2. H5N1 worldwide. The virus everyone thought would cause the next pandemic is still out there. It’s actually a neglected business story, because bird flu has badly damaged the poultry industries of countries like Thailand, Vietnam and Bangladesh. But it still infects people as well, and it retains the potential to mutate into an easily transmitted form. Governments dealing with human H5N1, such as Egypt, Cambodia, and Indonesia, are notably modest about providing details.

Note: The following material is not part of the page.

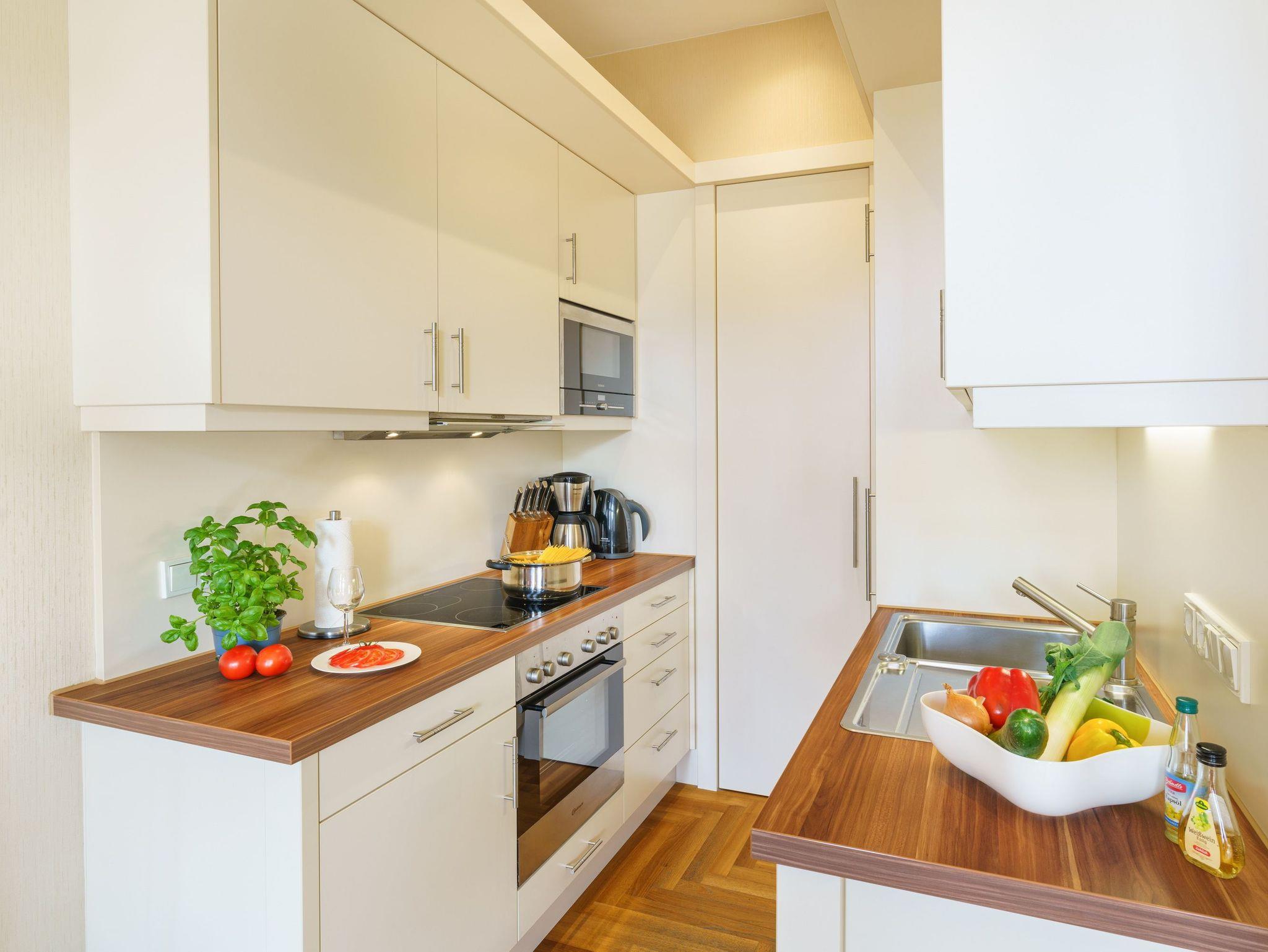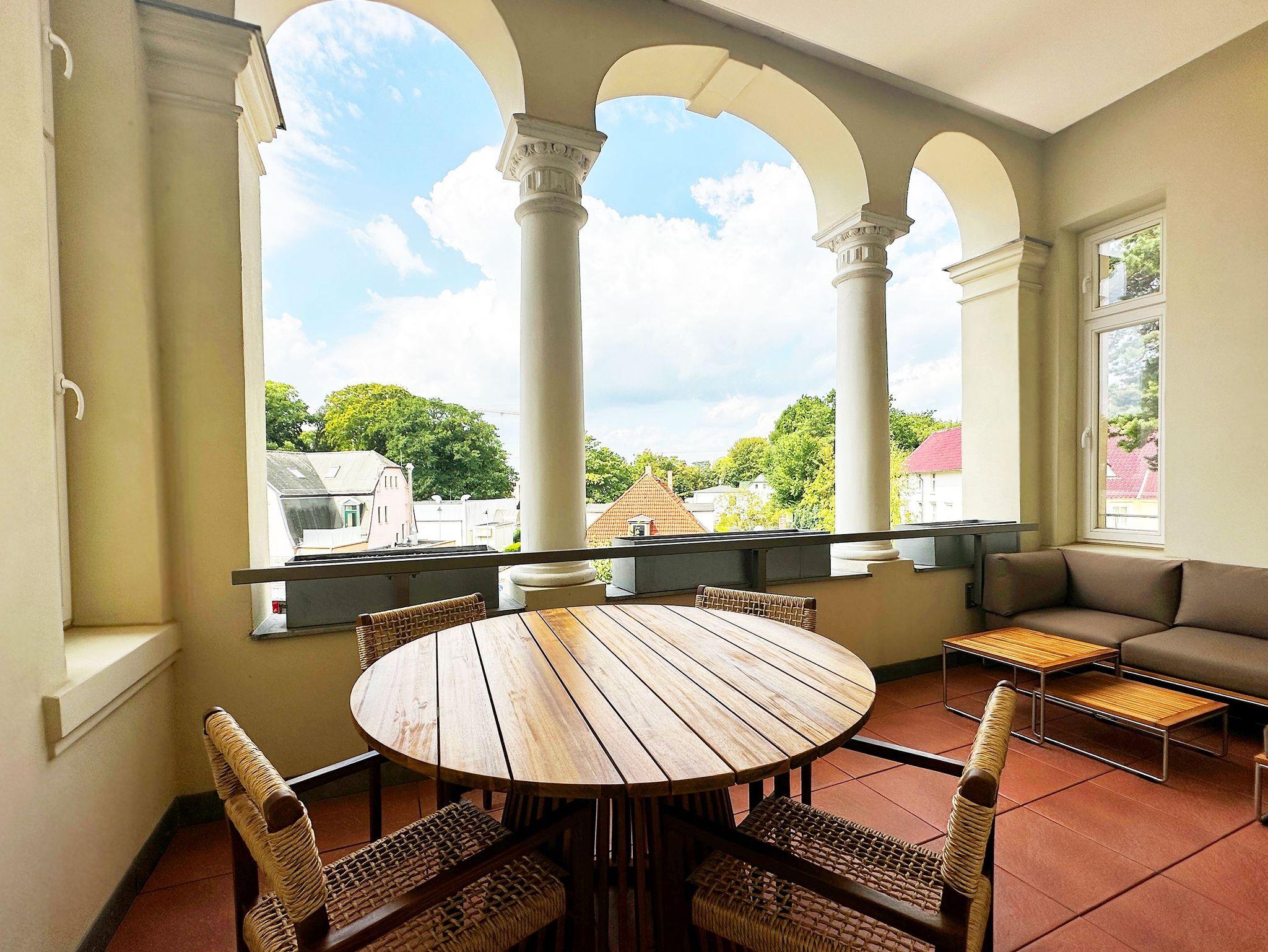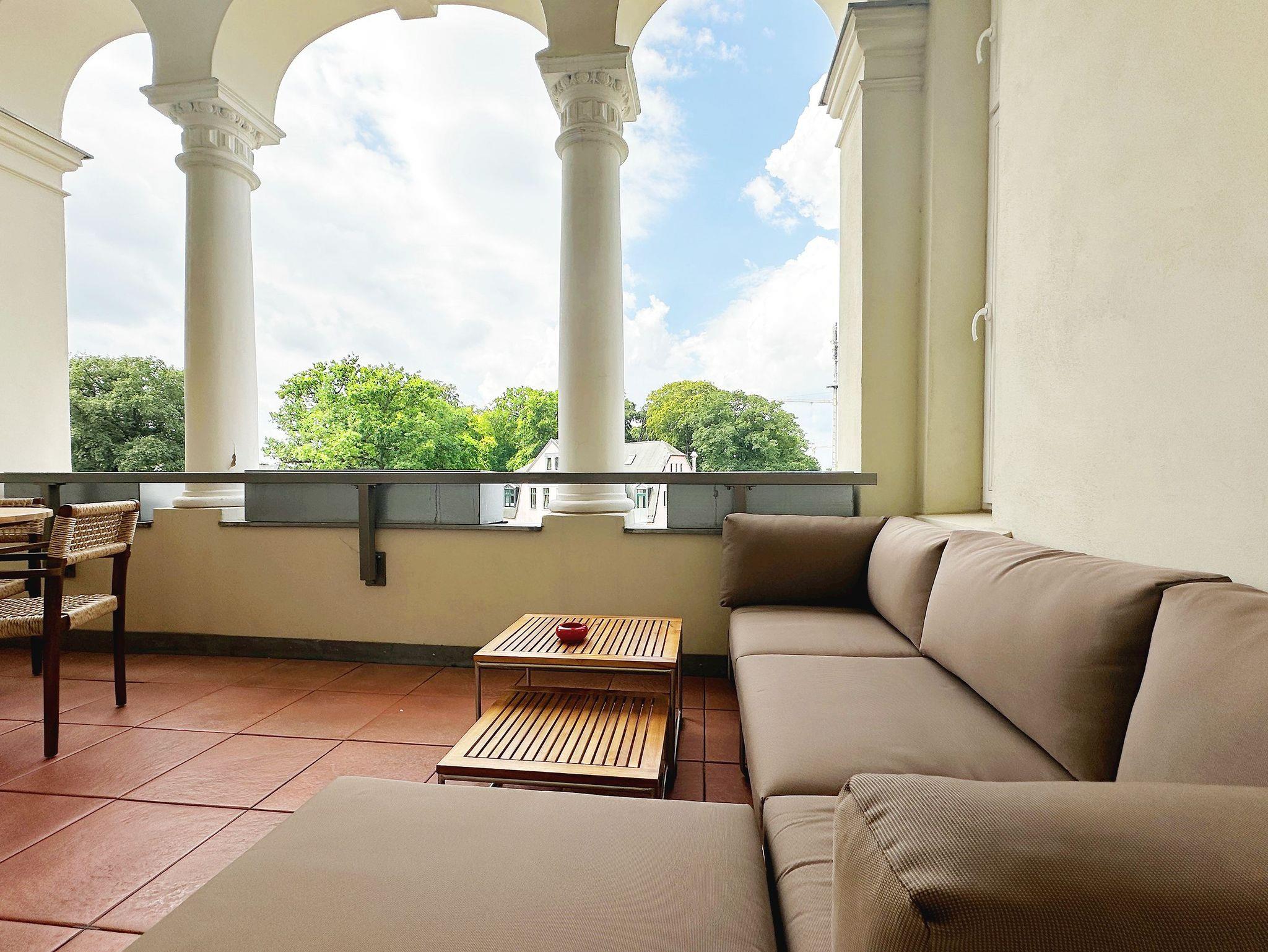 Die im Wohnbereich integrierte Küchenzeile lässt dank Geschirrspüler, Kühlschrank mit Gefrierfach, Backofen, Mikrowelle, Wasserkocher, Toaster, Kaffeemaschine und vielen Extras keine Wünsche offen. Der vom Wohnzimmer abgehende überdachte Nordost-Balkon ist wegen seiner Stuckelemente und Säulen einzigartig. Auf dem Balkon befinden sich exquisite Terrassenmöbel aus Holz von der Firma Sklum. Die jungen Designliebhaber aus Spanien lieben die Nachhaltigkeit, das Reisen und die Natur und legen daher besonderen Wert, dass sich dieses Lebensgefühl in ihren Möbeln und Kunstelementen widerspiegelt. Egal, ob gemütlich am Tisch oder auf dem Sofa - der Erholungseffekt ist hier garantiert.

1. Cholera in Haiti. After a standard flurry of interest when cholera broke out in Oct. 2010, the disease continues to sicken and kill Haitians in large numbers. As of Nov. 24, the official tally was 513,997 cases and 6,908 deaths. But that’s from the Ministry of Public Health and Population, which releases almost no information except those delayed statistics. The U.N. says it needs $109 million (US) to fight Haiti’s cholera but has just $95 million. Meanwhile, the U.N. “peacekeepers” who imported cholera from Nepal have a budget eight times what the UN cholera appeal has raised. Neither the Haitian nor the international media pay any serious attention to cholera now.
No doubt the under-reporting of these stories has plenty of good reasons: tight budgets for correspondents, the constant flood of new upheavals, and the public’s short attention span.
But many of this year’s disasters could have been mitigated if the world had paid enough attention. Many of next year’s disasters will build on this year’s neglect: another flood in Pakistan, bacteria even more resistant than MRSA and C Diff., more alcoholism and diabetes among our First Nations.
Networks of concern do operate, especially online. They link health agencies, NGOs, public-health experts, and a scattering of bloggers and tweeters. But they are no substitute for informed publics that can push governments into doing more. We need that kind of push — for our own sake as well as that of the people in faraway countries.